----- Source material
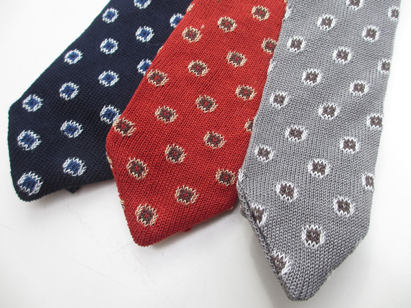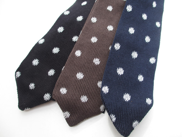【LARDINI/ラルディーニ】の展示会で見つけたコットンのニットタイ。ニットタイといえば、大体が大剣の剣先がとがっていませんが、こちらは普通のネクタイのように三角形に。そこがセレクトのポイントになりました。先に紹介させていただいたリネンのガーメントダイスーツに合わせるなら、「これだぁ~」と叫んだのは言うまでもありません。
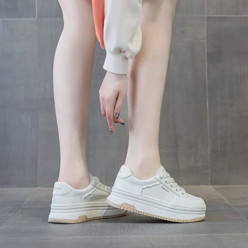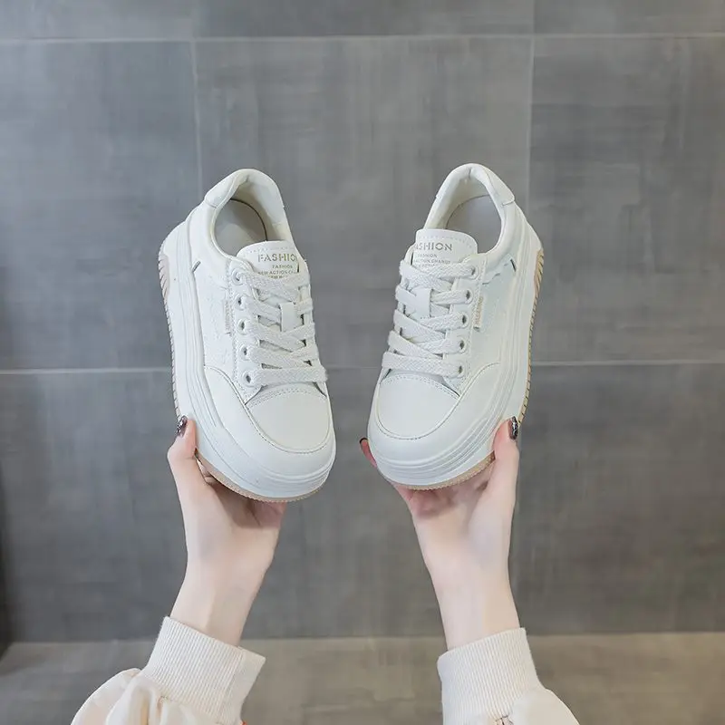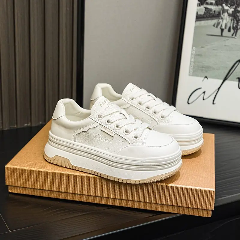 LBSFY - Shoes Woman Genuine Leather Shoes Women Sneakers Lace Up Platform Shoes Solid Chunky Spring Autumn Ladies Casual Shoes
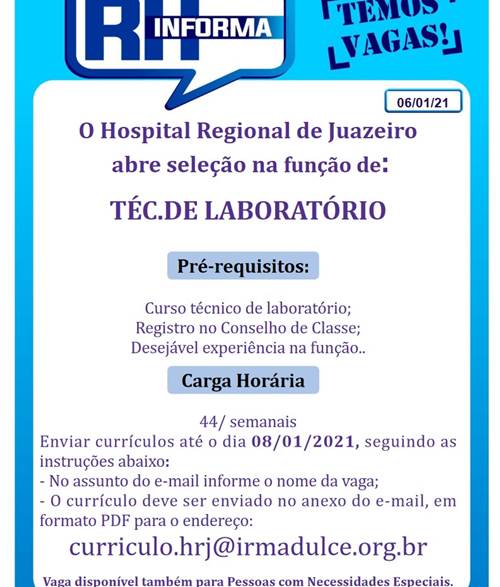 O Hospital Regional de Juazeiro (BA) abriu processo seletivo para preencher vaga de técnico de laboratório. As inscrições podem ser realizadas até sexta-feira (8), através do e-mail curriculo.hrj@irmadulce.org.br, com o anexo do currículo em formato PDF.
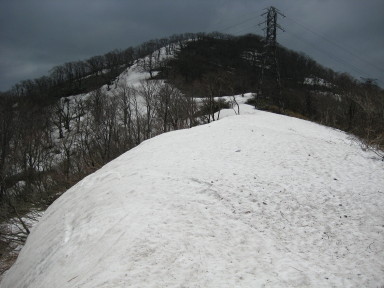 雪に埋まった三国権現の鳥居(写真左)と、三国山頂上まで続く道(写真右)。残雪が凄いです…!
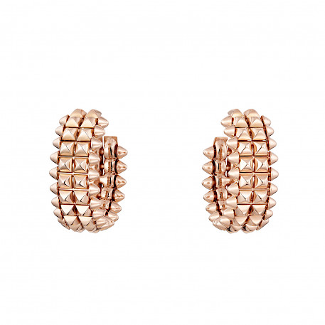 И вот наступило лето 2022 – и Clash de Cartier снова радует нас пополнением ассортимента. Кольцо и серьги из розового золота с закругленными шипами отчетливо демонстрируют бескомпромиссную панк-эстетику. Знаковая линия элементов clou carré теперь стала двойной, сдвоенный ряд центральных элементов формирует объем и притягивает взгляды. Их осязаемость побуждает к озорству и кокетству, а игра с текстурными повторами создает гипнотизирующий, интенсивный ритм.
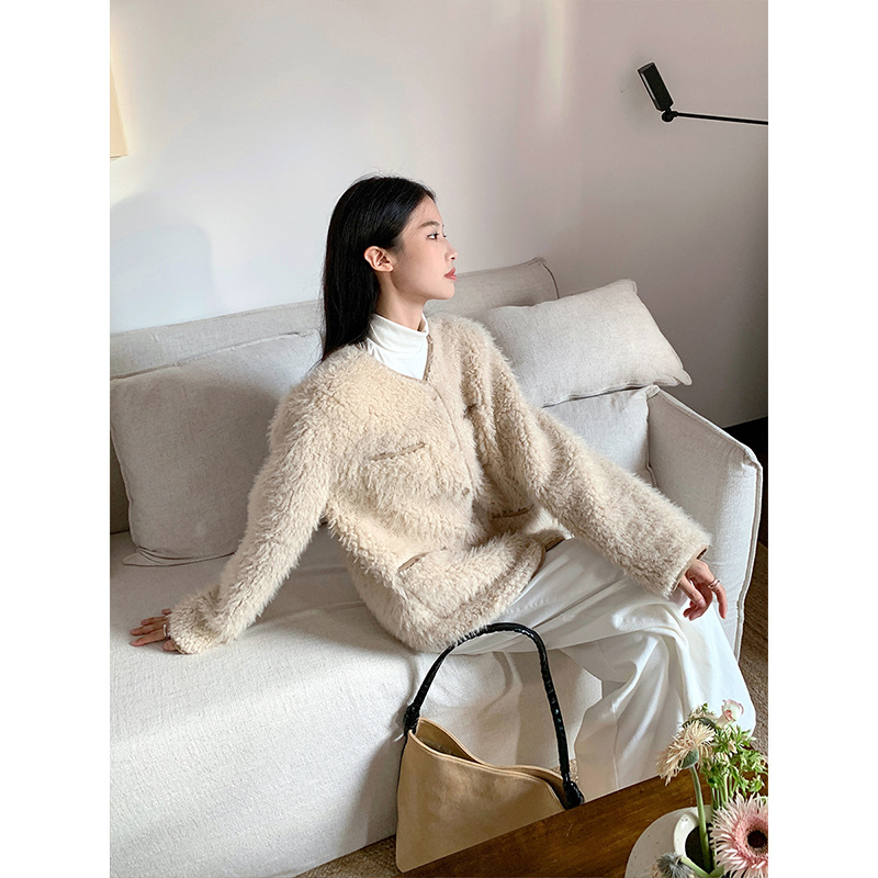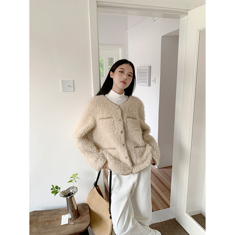 MISSLAN 2023 Winter new Korean style Chanel style lamb wool loose thickened fur coat for women
----------
* **Exercise brief**: Should a picture appear among the entries, skip it and copy the rest exactly.

* **Task answer**:
【LARDINI/ラルディーニ】の展示会で見つけたコットンのニットタイ。ニットタイといえば、大体が大剣の剣先がとがっていませんが、こちらは普通のネクタイのように三角形に。そこがセレクトのポイントになりました。先に紹介させていただいたリネンのガーメントダイスーツに合わせるなら、「これだぁ~」と叫んだのは言うまでもありません。
 LBSFY - Shoes Woman Genuine Leather Shoes Women Sneakers Lace Up Platform Shoes Solid Chunky Spring Autumn Ladies Casual Shoes
 O Hospital Regional de Juazeiro (BA) abriu processo seletivo para preencher vaga de técnico de laboratório. As inscrições podem ser realizadas até sexta-feira (8), através do e-mail curriculo.hrj@irmadulce.org.br, com o anexo do currículo em formato PDF.
 雪に埋まった三国権現の鳥居(写真左)と、三国山頂上まで続く道(写真右)。残雪が凄いです…!
 И вот наступило лето 2022 – и Clash de Cartier снова радует нас пополнением ассортимента. Кольцо и серьги из розового золота с закругленными шипами отчетливо демонстрируют бескомпромиссную панк-эстетику. Знаковая линия элементов clou carré теперь стала двойной, сдвоенный ряд центральных элементов формирует объем и притягивает взгляды. Их осязаемость побуждает к озорству и кокетству, а игра с текстурными повторами создает гипнотизирующий, интенсивный ритм.
 MISSLAN 2023 Winter new Korean style Chanel style lamb wool loose thickened fur coat for women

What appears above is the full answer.